検索画面を消す
検索画面を消す
live at the indoor
音楽作品(アルバム/シングル)を「普通」「良作」「名作」「傑作」「神作」に分ける音楽レビューサイト

投稿詳細ページ

オアシス(OASIS)やレディオヘッド(radiohead)からの強い影響を感じる気怠くメランコリックなUKギターロックサウンドで埋め尽くされたザ・ブリリアント・グリーン(the brilliant green)の1stアルバム。
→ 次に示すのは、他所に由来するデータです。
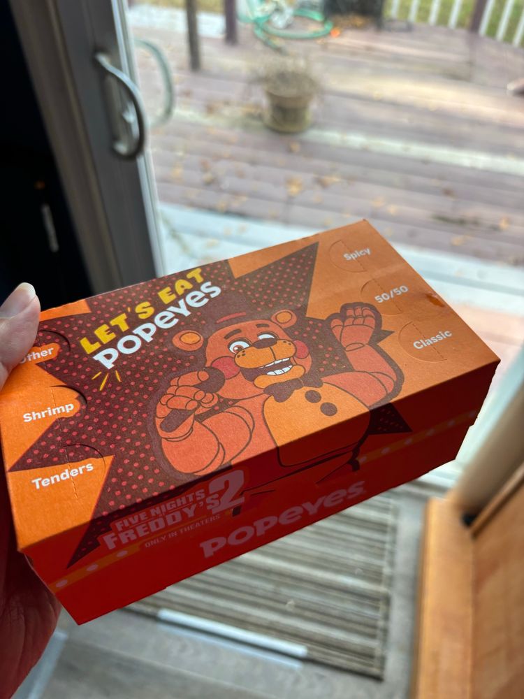 I think the Toy Freddy Mask/Popcorn Box promoting FNAF2 has to be the coolest popcorn box I have ever seen, it’s so creative and good to look at. The idea of taking the head off and using it as a mask while there’s also an endoskeleton face on the box itself is brilliant. #fnaf

ほぼ全ての曲で「曇り空」のようなギターサウンドが鳴り響き、流れるような抜群のメロディーラインを川瀬智子(vo)が「不機嫌な少女」のように気怠く歌い上げる。98年当時の日本の音楽シーンにおいてここまで「濃厚なUKロック匂」を醸し出したアーティストは非常にレアであり、アルバムを通して1曲のような統一感がある。「3 You & I」は神レベルの素晴らしいメロディーセンスをもつ曲でシングルカットされていない事が不思議でならない。

    「要点」

  • ・気怠くメランコリックなUKギターロックサウンド
  • ・抜群のメロディーラインを川瀬智子(vo)が「不機嫌な少女」のように気怠く歌い上げる

「曲解説」

1 I’m In Heaven

「UKロックアーティスト以上にUKロックなギターサウンド」が印象的であり「曇りのち曇り」のような雰囲気と「不機嫌な少女」のような気怠さをもつ川瀬智子(vo)の歌声が非常にマッチしている。
2 冷たい花

UKロックアーティスト・オアシス(OASIS)からの強い影響を感じるサイケなギターサウンドが「雨雲」のように分厚く鳴り響く曲で、相変わらず川瀬智子(vo)のボーカルは不機嫌である。歌詞は過去の失恋によって心に傷を抱えた主人公が「夢も希望も自分で捨てた」というメランコリックの極地のような感情をぶちまける内容となっており、サビに登場する「冷たい花を蹴り散らす様に」という「繊細で衝動的なワンフレーズ」だけがダークで陰鬱なこの曲に僅かな光を差し込む。
3 You & I

「初恋」のようなエモさを感じる良質なUKギターポップ。サビの後に「隠しアイテム」的に大サビが用意されており、全編を通して素晴らしいメロディーをもつ曲となっている。川瀬智子(vo)の歌声は気怠い質感ではあるが、同時に「少女」のような甘さも感じるられる。イントロや間奏で聴く事ができる「チュチュル、チュルチュルー」というコーラスは斬新な響きで他のアーティストでは聴けない類のものだ。
4 Always And Always

「アジアンな街」を連想するラフなパーカッションが印象的なアコースティックソングでボーカルラインは「気怠い無国籍が心地よいヴァース」と「初めてのおつかい」を連想するスウィートなサビの2部構成となっている。「3 You & I」同様に終始、素晴らしいメロディーを堪能できる。
6 Stand by

「ウェットに沈む」ギターサウンドがまるで「夕暮れの曇り空」のようなメランコリックソング(2:07〜)ギターソロ(オルガンかも?!)はまるで「憂鬱な夢」のようである。
7 “I”

枯れたギターサウンドをフィーチャーしたギターロック。歌詞の内容は「ひそかな想いを太陽」に隠した切ない片思いが今も心にうつろなメロディーを運んでくるが、それでも前に進むために過去にbye byeと手を振るという内容である。
8 Baby London Star

気怠さと疾走感が同居した曲で本作の中で最も直線的なビートを感じる(4:07〜)この曲でも川瀬智子(vo)独自のコーラス「チュル、チュッチュ、チュ、チュ、ルー」が登場する。
9 There will be love there -愛のある場所-

罪悪感を背負っていた主人公がメランコリックな内省を経て「確かな光」を見つけだすヒットシングル。メランコリックで良質なUKロックソングを収録した本作の中でこの曲以上にシングルに相応しい曲は存在しない。
10 Rock’n Roll

タイトルとは裏腹に「メランコリックな響き」をもつアコースティックソング。川瀬智子(vo)のボーカルラインは派手なメロディーを歌うわけではないのだが非常に耳に残る。終盤は「Just you and rock’n roll yeah」というフレーズが連呼される中で、ギターのコードストロークが唐突に途切れそのまま静寂で幕を閉じる。